Cell-phone photo leads to arrests after robbery

10/12/2011
BY TAYLOR DUNGJEN
BLADE STAFF WRITER
Heather Beasley, left, and Steven Perales.
Heather Beasley, left, and Steven Perales.

GENOA -- Two suspects in an Ottawa County bank robbery yesterday were arrested later in the day by Northwood police who saw their vehicle and matched one of them with information from a bank employee's cell-phone photograph, Sheriff Stephen Levorchick said.

Charged in the robbery of Genoa Bank, 24950 State Rt. 51, are Heather Beasley, 24, and Steven Perales, 45, according to the Ottawa County Sheriff's Office.

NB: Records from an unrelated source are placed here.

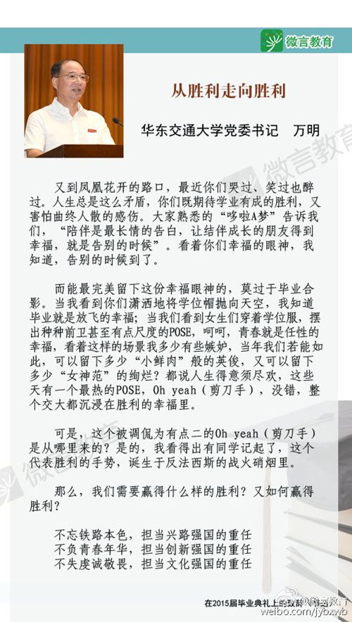 #毕业季2015##毕业致辞#【青春年华就是用来创造奇迹的!】@beat365正版唯一官网必一 党委书记万明说,毕业照里有一个最热的POSE——Oh yeah(剪刀手),这个手势代表胜利,他想告诉毕业生如何从胜利走向胜利:
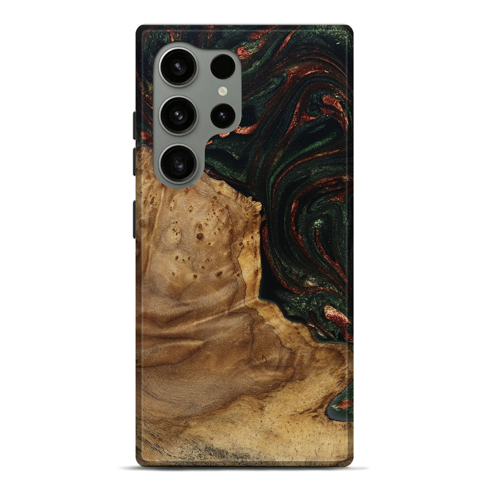 Our Live Edge cases are made from an amazing combination of stabilized wood burl and colored resin. Our stabilization process hardens the wood to protect against cracks and breaks. We do every step of the process at our shop in Northern Indiana. Perfectly fits the Galaxy S24 Ultra.
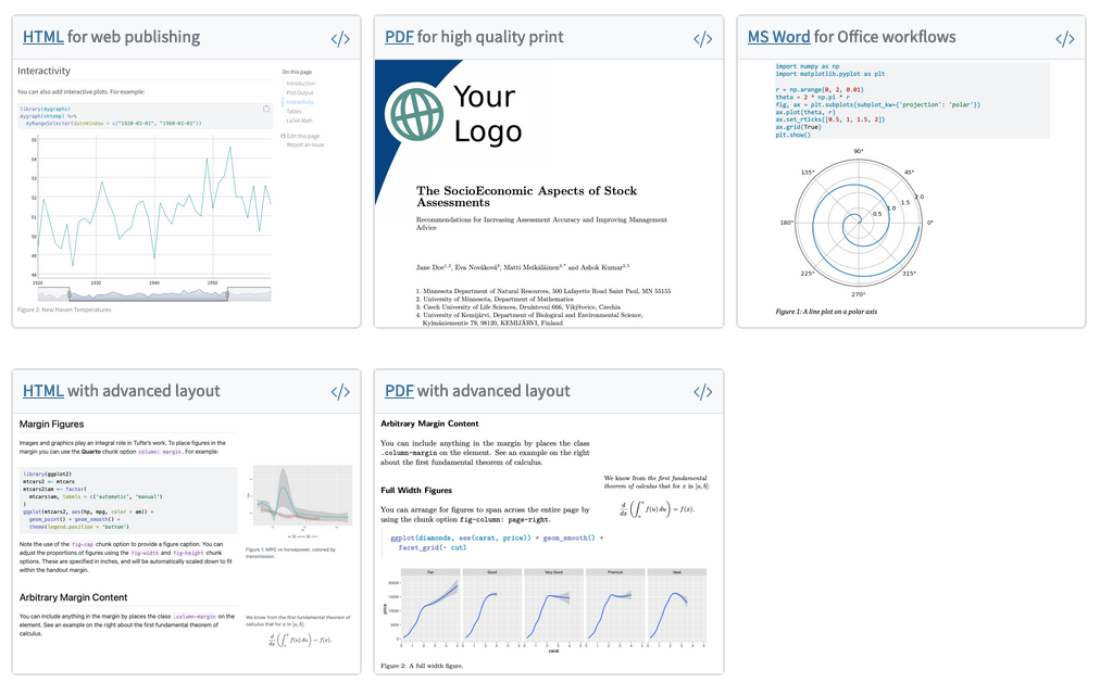 .ipynb/Jupyter notebook) OR plain text files (.qmd,.rmd,.md) into different outputs (reports, books, websites, presentations…) , which can be in different formats (PDF/Word/HTML…) .
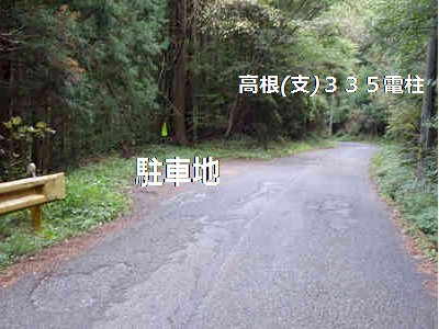 登山口への起点は冠高原の松の木峠で、峠から山口県に入り寂地峡へ向かって約900m下った所の左(南)側にある林道が登山道入口、更に下った所の左側に駐車スペースがあるので車を置いて登山を開始した。なお、駐車地の横に立つ電柱は高根(支)335である。

Both were held last night in the Ottawa County jail pending court appearances.

Authorities do not have a last-known address for Ms. Beasley, but a Facebook profile says she lives in Wooster, Ohio, which is about 150 miles southeast of Toledo. Mr. Perales' last-known address is 450 Georgetown Drive in Oregon.

Sheriff Levorchick said that as Ms. Beasley held up a teller, another bank employee who was engaged in paperwork in the lobby realized what was happening and took a picture of the suspect with her cell phone.

That picture "was one of the key components of information to help us identify the suspect," the sheriff said after praising the employee's quick thinking to snap the photo. "I wouldn't think of that," he said.

He declined to identify the employee, for her safety.

After the robbery, Genoa police broadcast a description of the suspect and the vehicle, which fled out on State Rt. 51 toward Northwood.

Northwood police stopped a vehicle that matched the getaway car's description at Brown Road and Wheeling Street.

At first, only Mr. Perales was seen in the vehicle, but Ms. Beasley "was also found," authorities said.

Ms. Beasley and Mr. Perales were each charged with one count of aggravated robbery.

After the arrests, the Ottawa County Drug Task Force assisted in obtaining and executing search warrants for a hotel where Ms. Beasley was staying as well as for the suspects' vehicle, the sheriff's department said.

The FBI, Ohio Bureau of Criminal Investigation, and a Port Clinton police detective also participated in the investigation.